Description of the task: Transcribe exactly, and only, the lines from the one containing "COEX也有水族馆,规模虽然" through the end of the entries below, leaving the pictures out.

┏━━

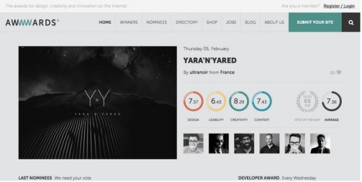 當與更明亮的顏色配合并呈現在一個平面的用戶界面,灰色背景的 awwwards 與它沉悶的風格相比,感覺更有現代感。
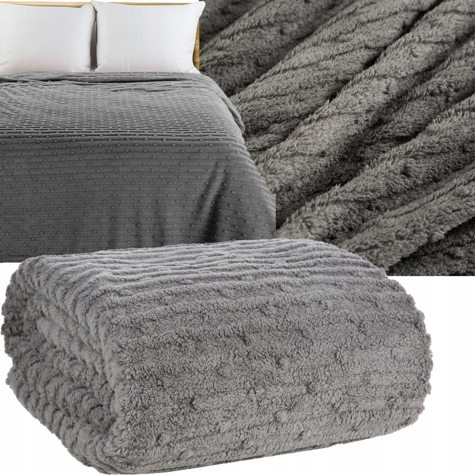 Mięciutki koc narzuta 150 cm x 200 cm STALOWY
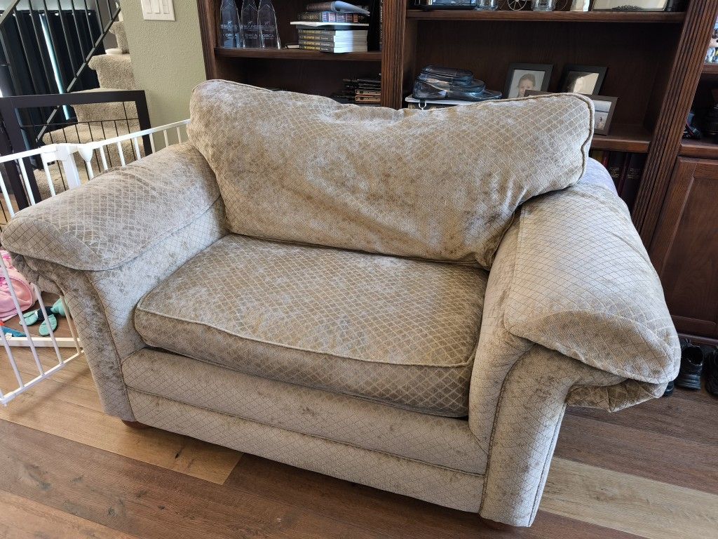 Pick up in Federal Way/Twin Lakes area. Must have transportation and 2 people to move this. Wood feet can be removed to fit through doorways. Purchased from Bassett. First to come pick it up, gets it. Dimensions: 58 in wide x 38 in deep x 32 in tall Full disclosure: our house has dogs, no smoking.
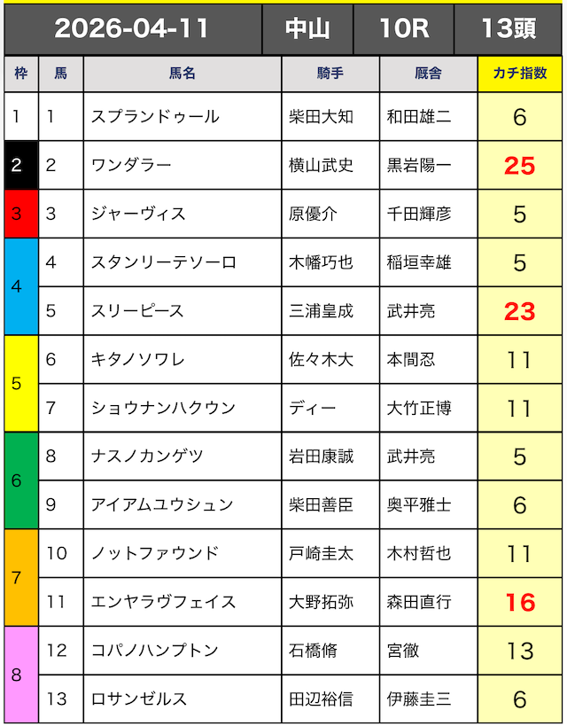 7番人気である⑬チザルビーノなどを選出しているものの、基本的には上位人気馬を中心に選出。
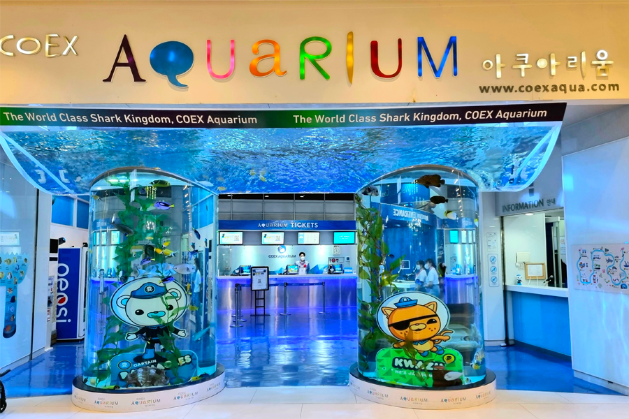 COEX也有水族馆,规模虽然不大,但应有尽有,是亲子同游COEX时一定要加入的行程,逛起来非常悠闲,除了寓教于乐,还能一窥16个主题区,650种、4万多只水生动物组成的水中王国,尤其是鲨鱼的数量,COEX水族馆可是全韩之冠。
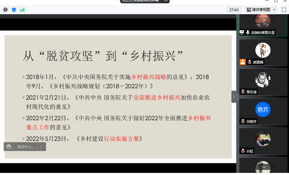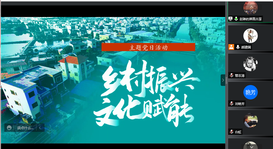 实施乡村振兴战略,是解决新时代我国社会主要矛盾、实现“两个一百年”奋斗目标和中华民族伟大复兴中国梦的必然要求,具有重大现实意义和深远历史意义。会上,宣传委员赵琳以“乡村振兴,文化赋能”为题,对2022年3月发布的《关于推动文化产业赋能乡村振兴的意见》进行了解读:以城带乡、城乡互促是文化产业赋能乡村振兴的指导思想,多业并举是文化产业赋能乡村振兴的基本路径,多方参与是文化产业赋能乡村振兴的重要保障,并分析了乡村振兴战略与专业教学、科学研究、创新创业、实习实训基地建设之间的关系。随后,支部成员就如何将学科建设与国家战略、地方发展结合进行了讨论。

┗━━

Answer space:
 COEX也有水族馆,规模虽然不大,但应有尽有,是亲子同游COEX时一定要加入的行程,逛起来非常悠闲,除了寓教于乐,还能一窥16个主题区,650种、4万多只水生动物组成的水中王国,尤其是鲨鱼的数量,COEX水族馆可是全韩之冠。
 实施乡村振兴战略,是解决新时代我国社会主要矛盾、实现“两个一百年”奋斗目标和中华民族伟大复兴中国梦的必然要求,具有重大现实意义和深远历史意义。会上,宣传委员赵琳以“乡村振兴,文化赋能”为题,对2022年3月发布的《关于推动文化产业赋能乡村振兴的意见》进行了解读:以城带乡、城乡互促是文化产业赋能乡村振兴的指导思想,多业并举是文化产业赋能乡村振兴的基本路径,多方参与是文化产业赋能乡村振兴的重要保障,并分析了乡村振兴战略与专业教学、科学研究、创新创业、实习实训基地建设之间的关系。随后,支部成员就如何将学科建设与国家战略、地方发展结合进行了讨论。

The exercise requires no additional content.